Although Eleanor then spent several months in Jerusalem while her husband’s crusade came to its final humiliating disaster outside Damascus, nothing is recorded of her activities.  Her influence on Louis and her role in the crusade was over. Furthermore, despite an attempt to patch up the marriage, after their return to France, the birth of a second daughter made a divorce a dynastic priority, paving the way for Eleanor to marry Henry of Anjou, the future King Henry II of England.
(Truly, fiction does not get better than facts like these!)
There are many biographies of Eleanor, I personally relied on Alison Weir’s Eleanor of Aquitaine: By the Wrath of God, Queen of England, (London, Pimlico, 1999), and Amy Kelly’s Eleanor of Aquitaine and the Four Kings, (Cambridge, Mass, Harvard University Press, 1950).
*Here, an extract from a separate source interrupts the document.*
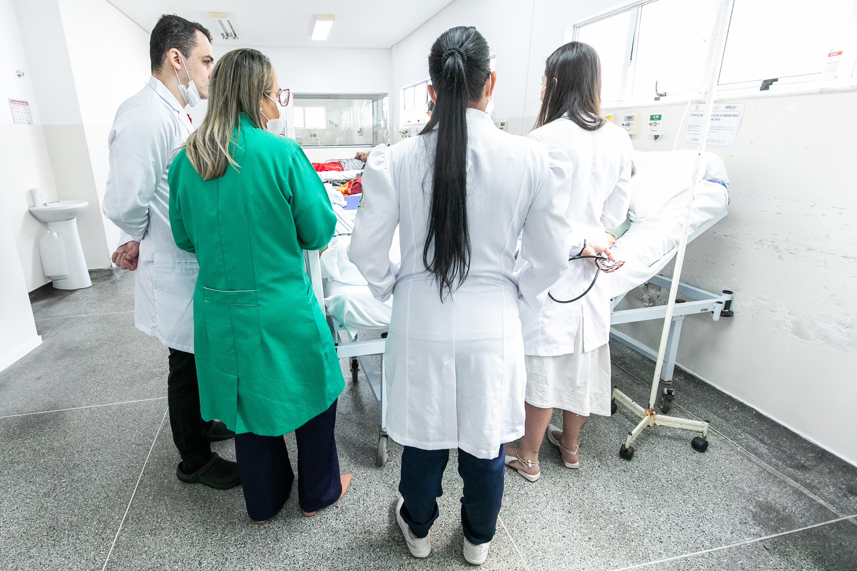 A imagem mostra um grupo de servidores da saúde realizando atendimento a um paciente que está em um leito hospitalar. Várias cores aparecem na imagem, predominando o branco, principalmente nos uniformes dos profissionais.
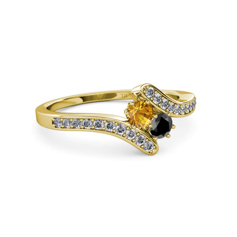 Citrine and Black Diamond 2 Stone with Side Diamonds Womens Bypass Engagement Ring 0.69 ctw 14K Yellow Gold More Details ...

There are innumerable novels about Eleanor. I have not read them all and the ones I did read, failed to do her justice, so I’ll refrain from a recommendation.

Eleanor’s Tomb at the Abbey of Fontevrault

Helena P. Schrader is the author of a number of books set in the Middle Ages. Her most recent series, a three-part biography of Balian d'Ibelin a contemporary of both Eleanor, has to date won 8 literary accolades.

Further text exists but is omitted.